What Is Inference? Explaining the Massive New Shift in AI Computing.

by Stefan Schneider

Michael and I have been doing a deep dive into AI as we build out an AI-enabled ecosystem to help us optimize and scale our search practice, reduce administrative friction, and spend more time in the market facing off with clients and candidates. This WSJ article is worth a read. It highlights a practical reality of AI that’s going to matter a lot more to HR than people think.

https://www.wsj.com/tech/ai/what-is-inference-explaining-the-massive-new-shift-in-ai-computing-ed65a2fe

We’ve spent the last couple of years talking about AI in terms of what it can do. The more important story is where the money is going and how the cost of AI compares to traditional human labor. AI used to be about training models, which required a big upfront investment. Once that was done, the cost largely stabilized. Now the focus is on inference, which is what happens every time the model is actually used.

Every prompt, every workflow, every automated task creates an ongoing cost that scales with usage. The more companies rely on AI to do real work, the more they’re effectively paying for it in a way that starts to resemble labor. At a certain point, this stops being a technology conversation and starts becoming a workforce conversation. If a system is producing output continuously, tied directly to business activity, and showing up as a recurring cost, it begins to look a lot like capacity for which you would have otherwise hired.

We’re not fully at a place where AI replaces payroll.
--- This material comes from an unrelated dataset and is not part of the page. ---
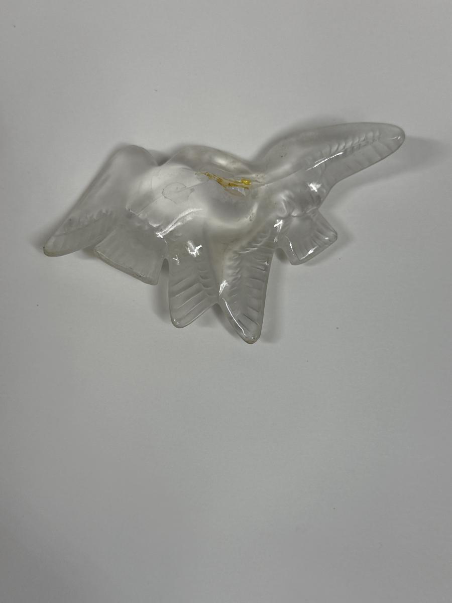 This is stopper broken off a bottle of L'Air du Temps perfume by Nina Ricci. The stopper was designed by Marc Lalique. It is made of frosted glass and features two entwined doves, symbolizing peace and love. The bottle still contains perfume but the stopper broke off inside. The stopper looks like someone had attempted to glue it on.

But we are getting closer to a world where companies are managing two parallel cost structures: human labor and machine generated output. That has real implications for how we think about hiring, org design, and productivity. As companies start deploying AI at scale, they’re going to need a much clearer understanding of the economics behind it. Not just what they’re spending on the technology, but what human labor it’s actually replacing or augmenting. It’s one thing to invest in AI. It’s another to prove that it’s delivering the same or better output, more efficiently, and at a lower cost.

At some point, this becomes a question of accountability. If AI is being positioned as a substitute for capacity, companies need to be able to demonstrate that tradeoff clearly. Otherwise, you’re not driving efficiency, you’re just layering cost on top of cost.